Quadrupedal animals that can rear onto their hindlimbs can increase the height they can feed, giving access to food sources otherwise out of reach.[1] Living animals that are known to regularly rear up into a bipedal posture include the Gerenuk and the African Elephant.[2][3][1] It has been suggested that sauropod dinosaurs could have also reared for food gathering and defence, and sauropods have been depicted rearing in movies, documentaries, and museum exhibits. A famous example is in the movie Jurassic Park (1993), where a Brachiosaurus was shown rearing up to feed near the beginning of the film. The American Museum of Natural History mounted a cast of Barosaurus in a defensive rearing posture.[1]

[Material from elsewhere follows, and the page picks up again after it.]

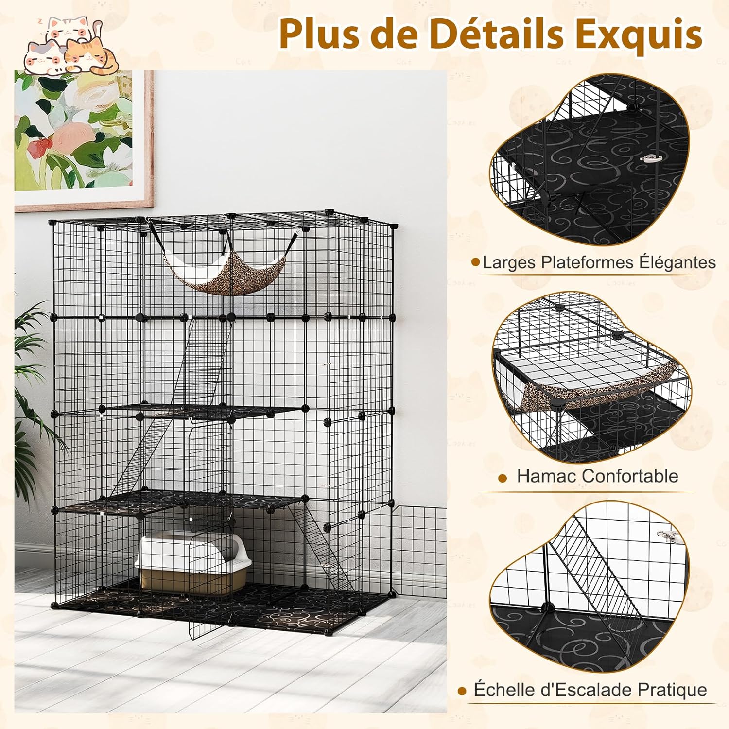 | Libellé | Cage pour chat chien,4 niveaux avec hamac, échelle,fenêtre de ciel, grand enclos pour chats en métal,noir |

Some researchers have argued that sauropods have several adaptations that make them better adapted for rearing than many modern mammals, such as elephants. For example, Gregory S. Paul has argued that sauropods have larger and taller dorsal vertebrae than similarly-sized mammals, suggesting their dorsal columns were stronger. Sauropod necks and torsos are lightened because of an extensive air sac system which, combined with long, muscular, and dense tails, helps shift the centre of mass (COM) backwards, closer to the hip socket in some sauropod species. The forelimbs of most sauropods are more lightly constructed than the hindlimbs; the opposite is true in most mammals. Some sauropods have retroverted pelves which might have allowed the legs to maintain greater functionality when rearing.[3]
In 1977, Magdalena Borsuk-Bialynicka described Opisthocoelicaudia as having adaptations that might imply that it reared regularly. The anterior part of the tail has strongly opisthocoelous vertebra which suggests flexibility; this was interpreted as the tail being able to serve as a prop when in a tripodal posture. Borsuk-Bialynicka also argued that the hip socket allowed for a large range of motion, more than needed for normal quadrupedal walking. The wide strongly flared pelvis was thought to further aid stability in a tripodal posture. However, other researchers have suggested these are adaptations for a wide-gauge posture that titanosaurs developed.[4][1]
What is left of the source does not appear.